You are viewing a plain text version of this content. The canonical link for it is here.
Posted to user@nutch.apache.org by oddaniel <od...@msn.com> on 2008/05/05 07:27:09 UTC
Someone Please respond ... Deleting Urls already crawled from the
crawlDB
Guys i have been trying to get this done for weeks now. No progress. Someone
please help me. I am trying to delete a domain already crawled from my
crawldb and index.
I have a list of domains already crawled in my index. How do I exclude or
delete domains from my crawl output folder. I have tried using the
crawl-urlfilter.txt.
+^http://([a-z0-9]*\.)*
-^http://([a-z0-9]*?\.)*remita.net
Hoping it will exclude the domain remita.net from the crawldb or index and
include all the other urls. Then I run the LinkDbMerger, SegmentMerger,
CrawlDbMerger, IndexMerger. No change. All domains remain part of my output.
Please how can I get this done.
--
View this message in context: http://www.nabble.com/Someone-Please-respond-...-Deleting-Urls-already-crawled-from-the-crawlDB-tp17053927p17053927.html
Sent from the Nutch - User mailing list archive at Nabble.com.

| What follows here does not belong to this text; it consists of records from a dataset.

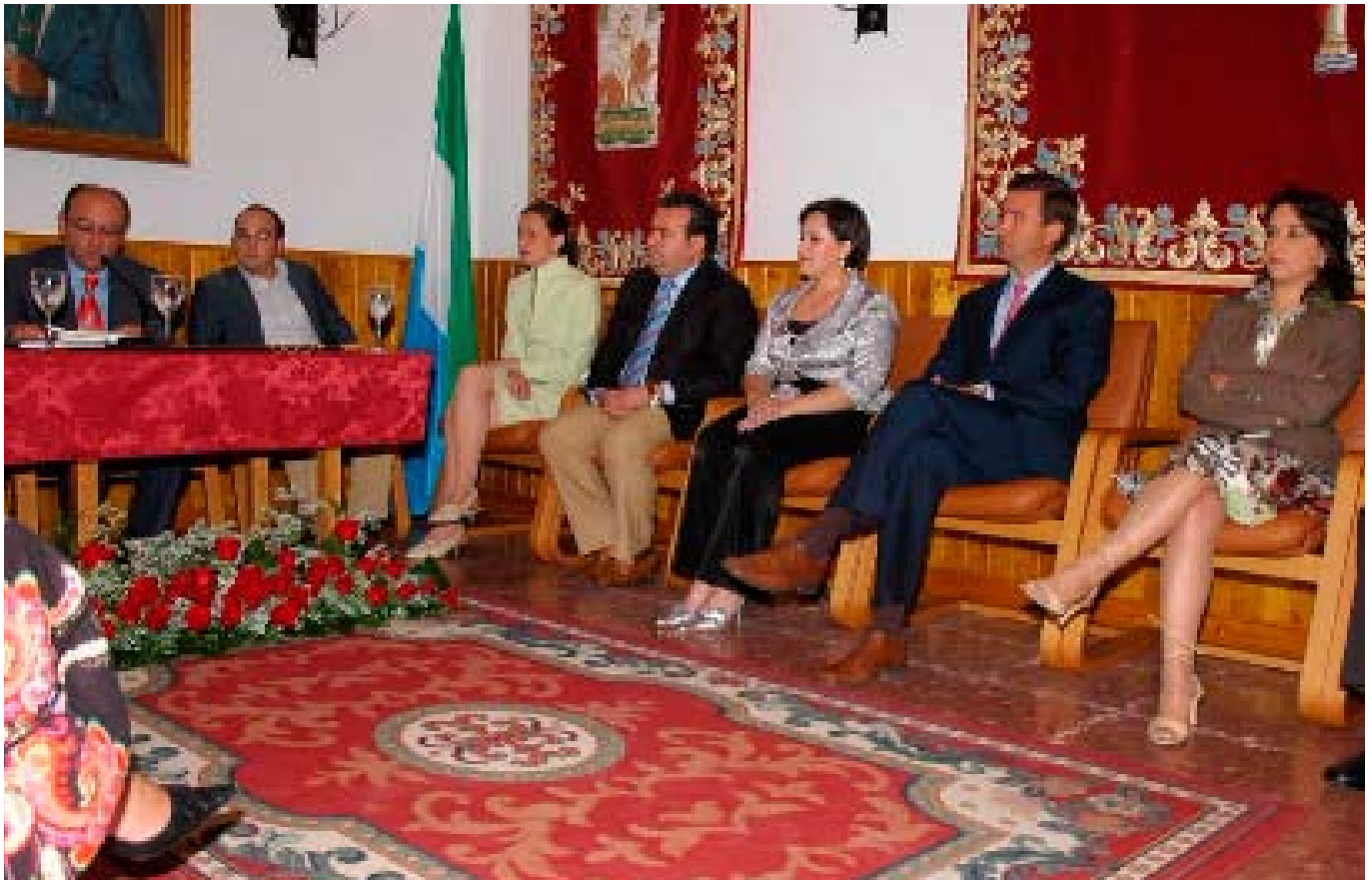
Integrantes de la corporación municipal de Salteras durante el acto de investidura.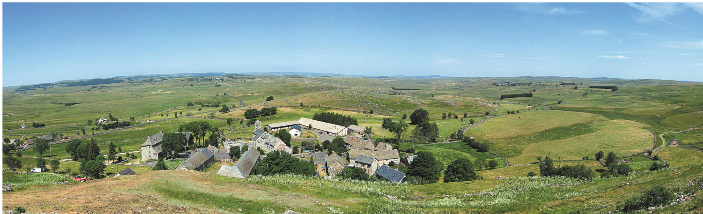
Paysage entre ciel et nature, l'Aubrac n'est pas une destination touristique ordinaire. Pour venir ici, il faut aimer le vide, le silence, la solitude.

Il n'y a pas de saison pour découvrir l'Aubrac. Toutes sont merveilleuses. Toutes sont capricieuses. Au printemps, les prairies se couvrent de fleurs par millions : aucune région d'Europe n'en compte autant de variétés au mètre carré — on y trouve même des plantes carnivores.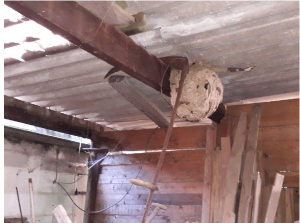
Figure 11: ne pas regarder seulement dans les arbres !

En regardant à travers les jumelles par dessus la ferme et les écuries, j'ai vu des frelons entrer dans un hangar. Lorsque j'ai sonné à la porte, il s'est avéré que les résidents connaissaient le nid depuis plusieurs semaines. Dans ce cas, les frelons ne s'étaient pas déplacés vers la cime des arbres au printemps, mais ont élargi leur nid principal en un grand nid.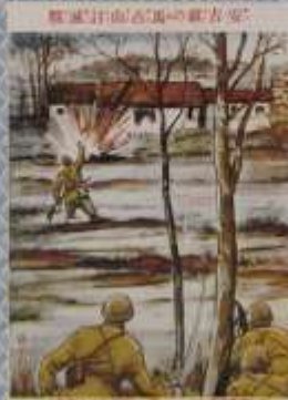
戦激大の鐘行兩 以上 一戦激大の鐘行兩 以上 一戦激大の鐘行兩 以上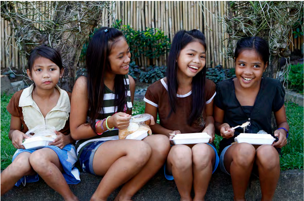
At alle menneske har tilgang på nok, trygg og næringsrik mat, bidreg til berekraftig utvikling. Frå Filippinane.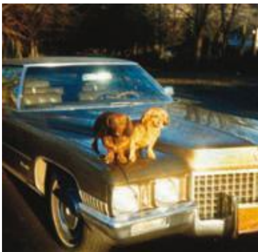
Наш «Кадиллак». Наши две собачки: «Итальянец и русская девочка». Из этого «Кадиллака» выпал американский

Невероятный тот авто стоял почти что новый, Ведь это целый самолет, вот это да, Там двигается все простым нажатьем кнопки,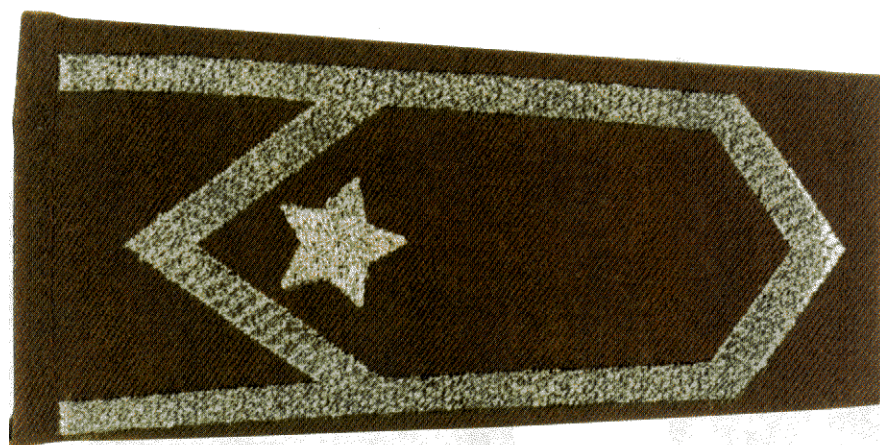
Dystynkcja do umundurowania wyjściowego wojsk lądowych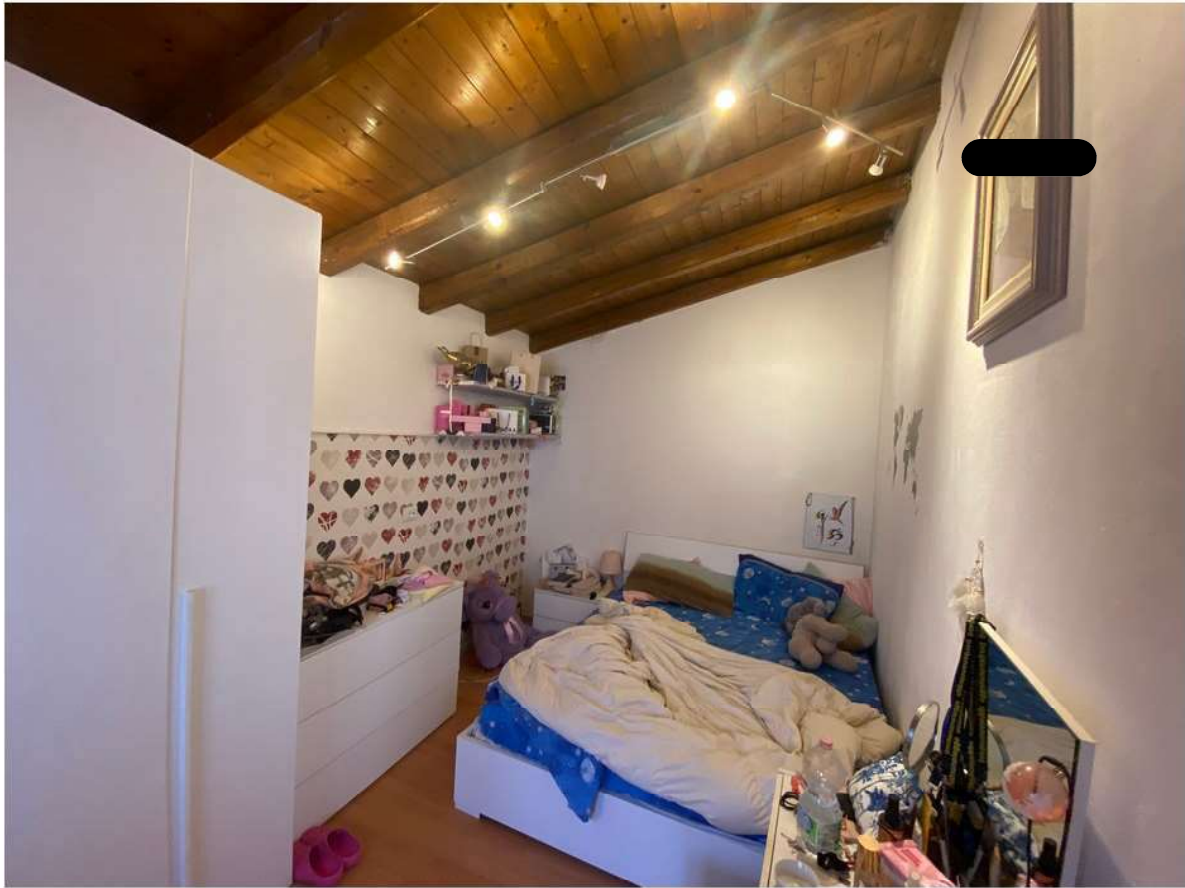
15. Camera al piano primo adiacente al vano scale e sulla porzione Sud Est del fabbricato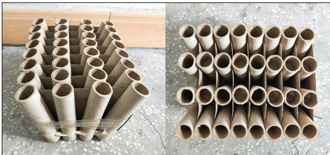
图 2 32 发扇形小型地面礼花产品外观

品库库房内及走廊共堆放有当时生产的 32 发扇形小型地面礼花 ① 产品（产品外观见图 2）约 400 个，总药量约 178 千克。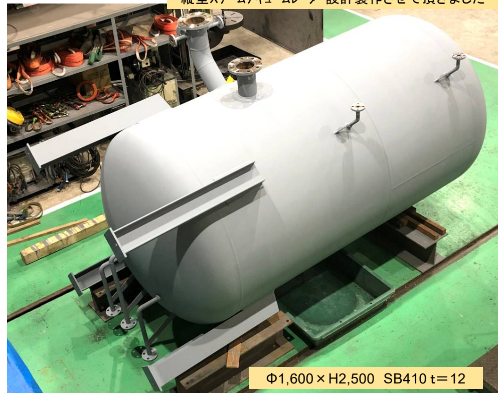
縦型スチームアキュムレーター設計製作させて頂きました

明けましておめでとうございます 今年も皆様にとって使い勝手の良い企業であるために 社員一同精進いたします。変わらぬご愛顧のほど 何卒よろしくお願い申し上げます。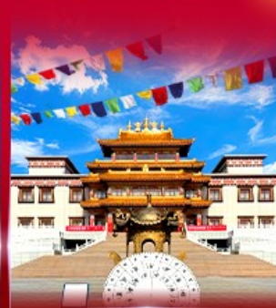
วัดพระโพธิสัตว์ อูลาน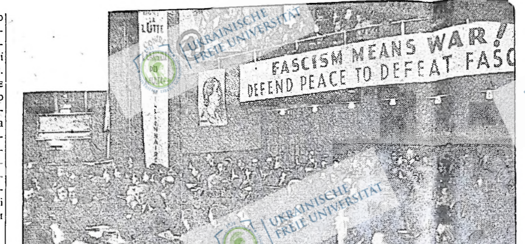
Поперечний знімок частини загальної делегації Восьмого конгресу КПК.

Ми, комуністи, обороняємо демократію, бо ми стоїмо перед обличчям боротьби за прогрес і за соціалізм у всіх її обличчях і у всіх її імплікаціях. Оборона демократії тепер є центральним завданням, що стоїть перед прогресивним народом. Рішальним питанням, за яке сьогодні йде боротьба в капіталістичних країнах є не фашизм або комунізм, а демократія або демократія. Оборона демократії є рішучою формою боротьби проти реакції і за втримання шляху відкритим для прогресу.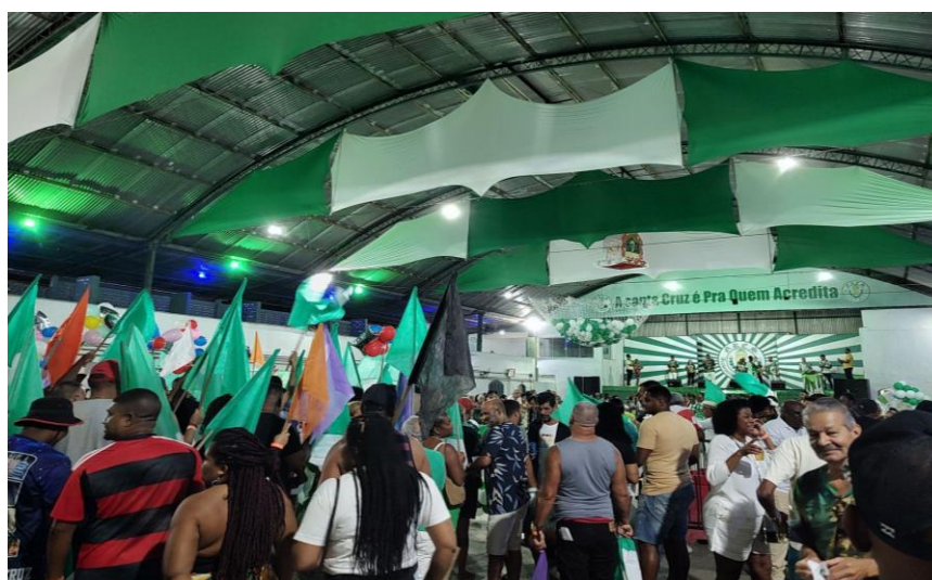
Foto 5- Quadra da Acadêmicos de Santa Cruz no dia da semifinal das eliminatórias dos sambas enredos.

No dia 19 de outubro de 2024 aconteceu a final das eliminatórias dos sambas enredos de 2025, o evento começou às 18h, mas só terminou por volta das 04 da manhã. Não estive presencialmente, mas acompanhei a transmissão online. Na ocasião, foi contratado um cantor para se apresentar. O espaço ficava cada vez mais cheio, tanto pelo show do cantor, tanto pela decisão de qual vai ser o samba vencedor. Houve apresentação da tabajara da zona oeste, a bateria da escola de samba, apresentando outros sambas da Acadêmicos, e depois apresentando os sambas concorrentes. O enredo da Santa Cruz de 2025 é Os Sagrados Altares Tupiniquins . O samba escolhido foi o samba de número 2: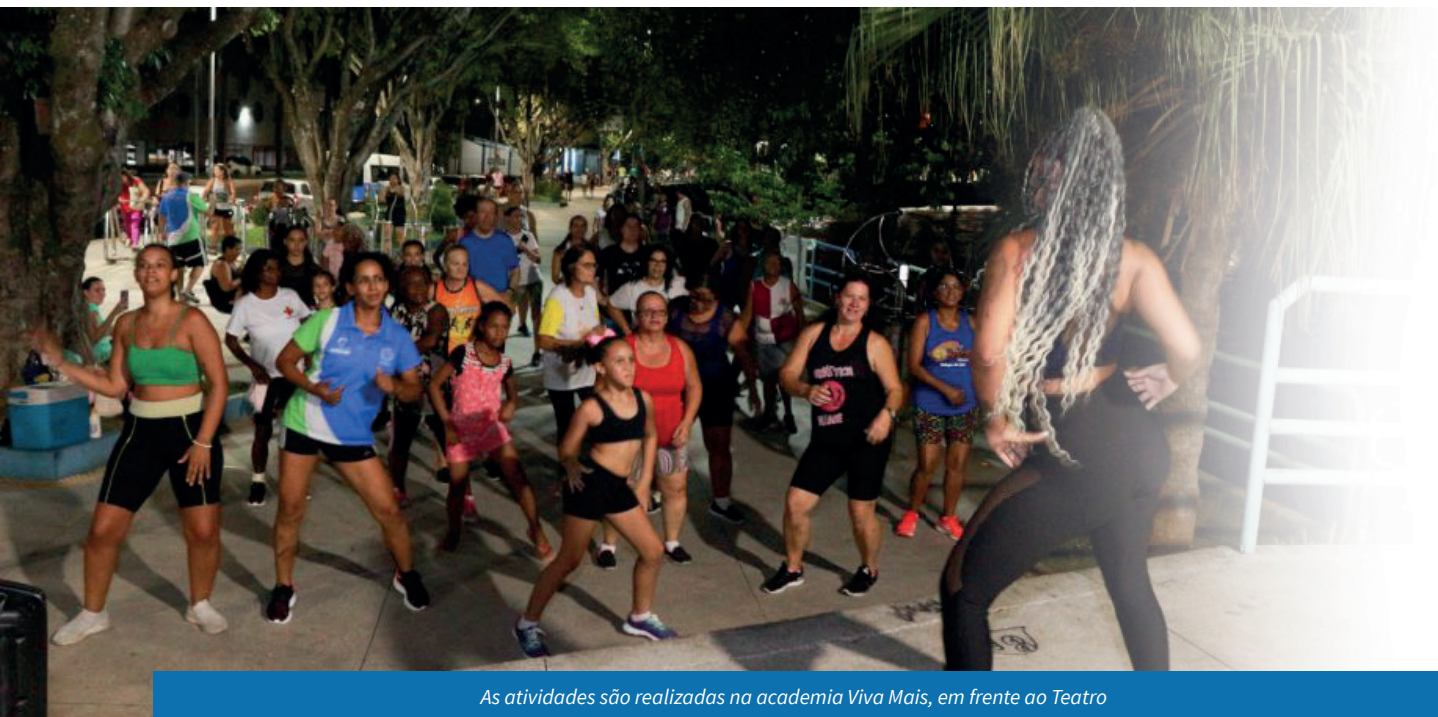
As atividades são realizadas na academia Viva Mais, em frente ao Teatro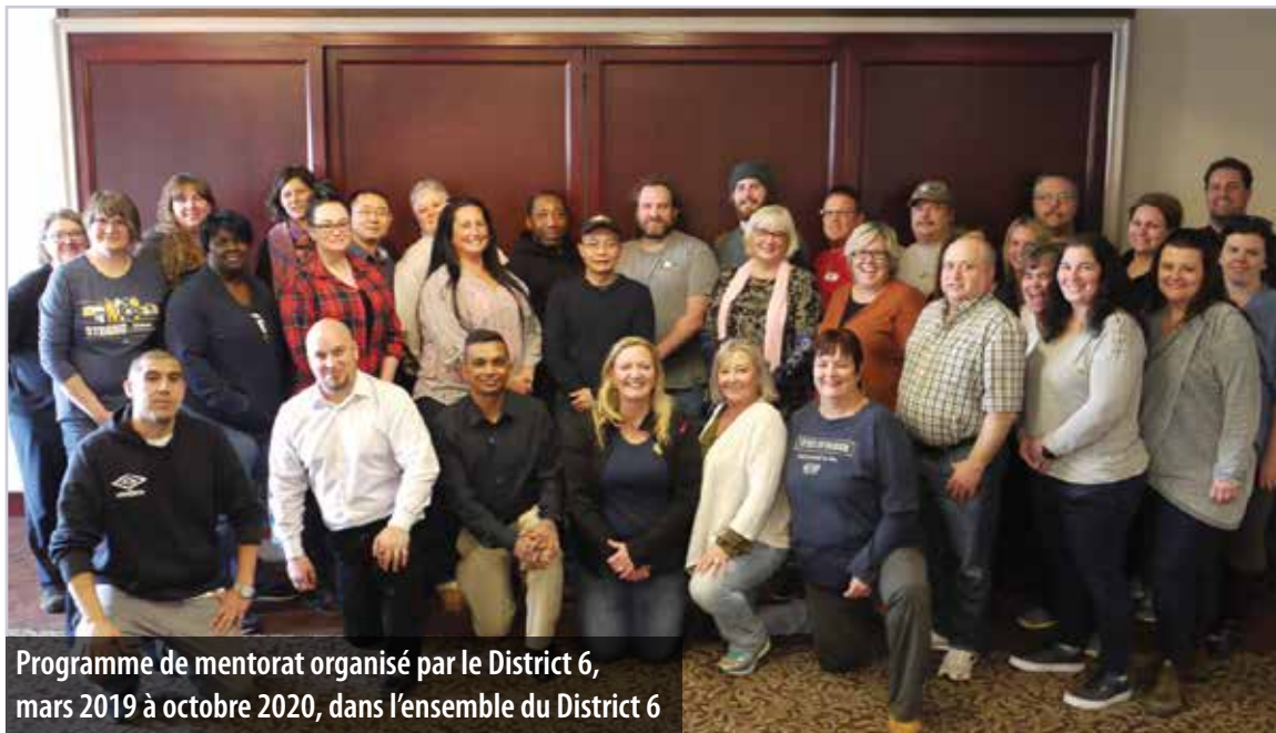
Programme de mentorat organisé par le District 6, mars 2019 à octobre 2020, dans l'ensemble du District 6

Le programme jumelle des apprenants à des mentors en fonction des objectifs d'apprentissage et des forces de chacun. Pendant une séance d'orientation de deux jours, les partenaires du mentorat font d'abord connaissance, créent des liens, apprennent des techniques de communication et dressent un plan d'apprentissage. Par la suite, ils communiquent par téléphone, Skype ou une autre plateforme une fois par mois pendant les douze mois suivants.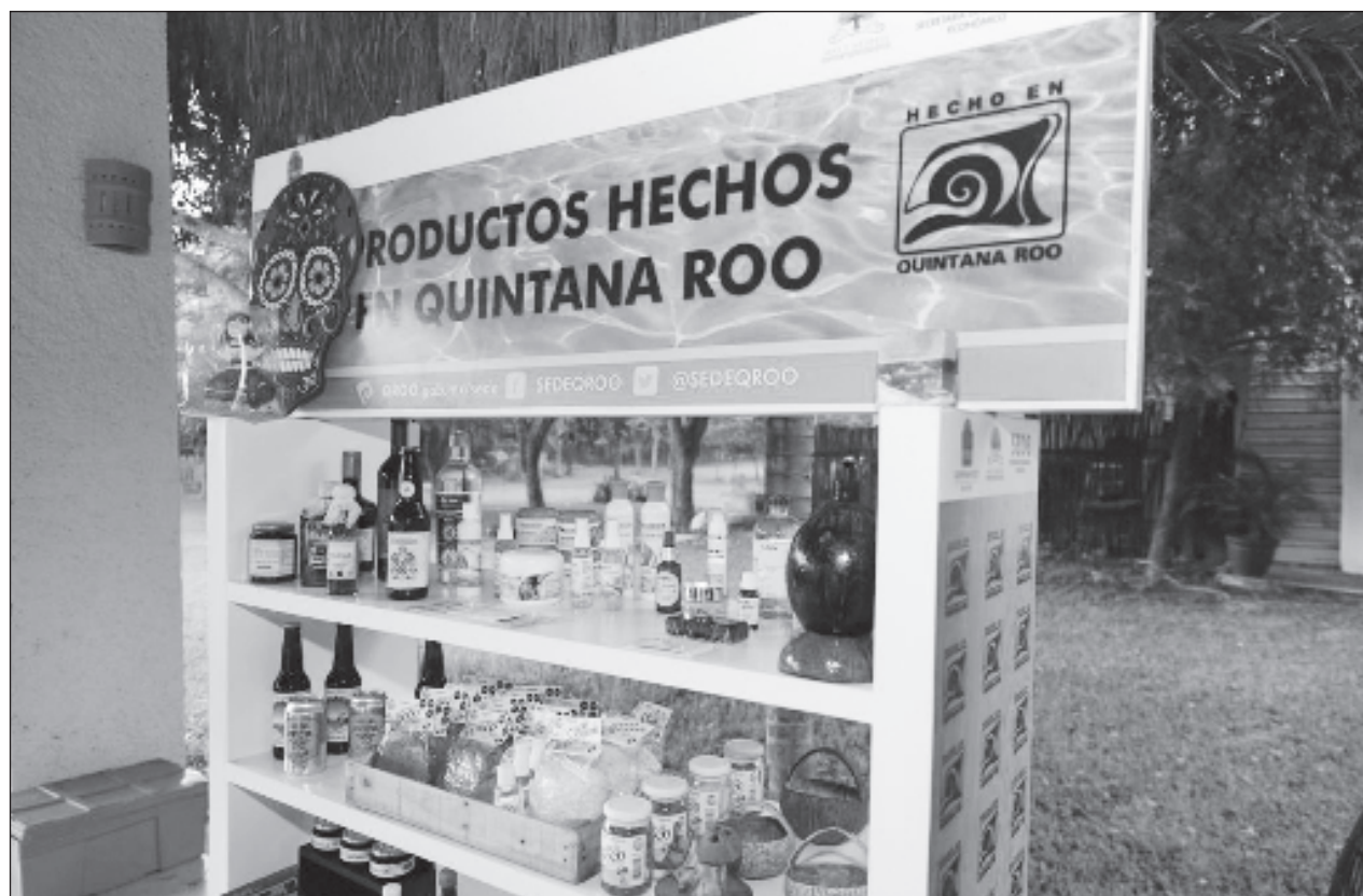
▲ La secretaria de Desarrollo Económico en Quintana Roo, Karla Almanza, convocó a todas las y los emprendedores a que se anoten en el padrón de empresas para tener una base completa en el estado.

Pero además, invitó a todas las y los emprendedores a que se anoten en el padrón de empresas para tener una base completa en el estado, de momento son seis inscritos y servirá para aumentar el networking.

答复: 答复: Someone Please respond ... Deleting Urls already crawled from the crawlDB
Posted by wangkai <wa...@metarnet.com>.
It's my pleasure.
-----邮件原件-----
发件人: oddaniel [mailto:oddaniel@msn.com]
发送时间: 2008年5月5日 20:39
收件人: nutch-user@lucene.apache.org
主题: Re: 答复: Someone Please respond ... Deleting Urls already crawled from the crawlDB
Thanks. Problem solved.
wangkai wrote:
>
> Please try "CrawlDbMerger",
>
> This tool merges several CrawlDb-s into one, optionally filtering URLs
> through the current URLFilters, to skip prohibited pages.
>
> It's possible to use this tool just for filtering - in that case only one
> CrawlDb should be specified in arguments.
>
>
> -----邮件原件-----
> 发件人: oddaniel [mailto:oddaniel@msn.com]
> 发送时间: 2008年5月5日 13:27
> 收件人: nutch-user@lucene.apache.org
> 主题: Someone Please respond ... Deleting Urls already crawled from the
> crawlDB
>
>
> Guys i have been trying to get this done for weeks now. No progress.
> Someone
> please help me. I am trying to delete a domain already crawled from my
> crawldb and index.
>
> I have a list of domains already crawled in my index. How do I exclude or
> delete domains from my crawl output folder. I have tried using the
> crawl-urlfilter.txt.
>
> +^http://([a-z0-9]*\.)*
> -^http://([a-z0-9]*?\.)*remita.net
>
> Hoping it will exclude the domain remita.net from the crawldb or index and
> include all the other urls. Then I run the LinkDbMerger, SegmentMerger,
> CrawlDbMerger, IndexMerger. No change. All domains remain part of my
> output.
>
> Please how can I get this done.
> --
> View this message in context:
> http://www.nabble.com/Someone-Please-respond-...-Deleting-Urls-already-crawl
> ed-from-the-crawlDB-tp17053927p17053927.html
> Sent from the Nutch - User mailing list archive at Nabble.com.
>
>
>
>
--
View this message in context: http://www.nabble.com/Someone-Please-respond-...-Deleting-Urls-already-crawled-from-the-crawlDB-tp17053927p17060767.html
Sent from the Nutch - User mailing list archive at Nabble.com.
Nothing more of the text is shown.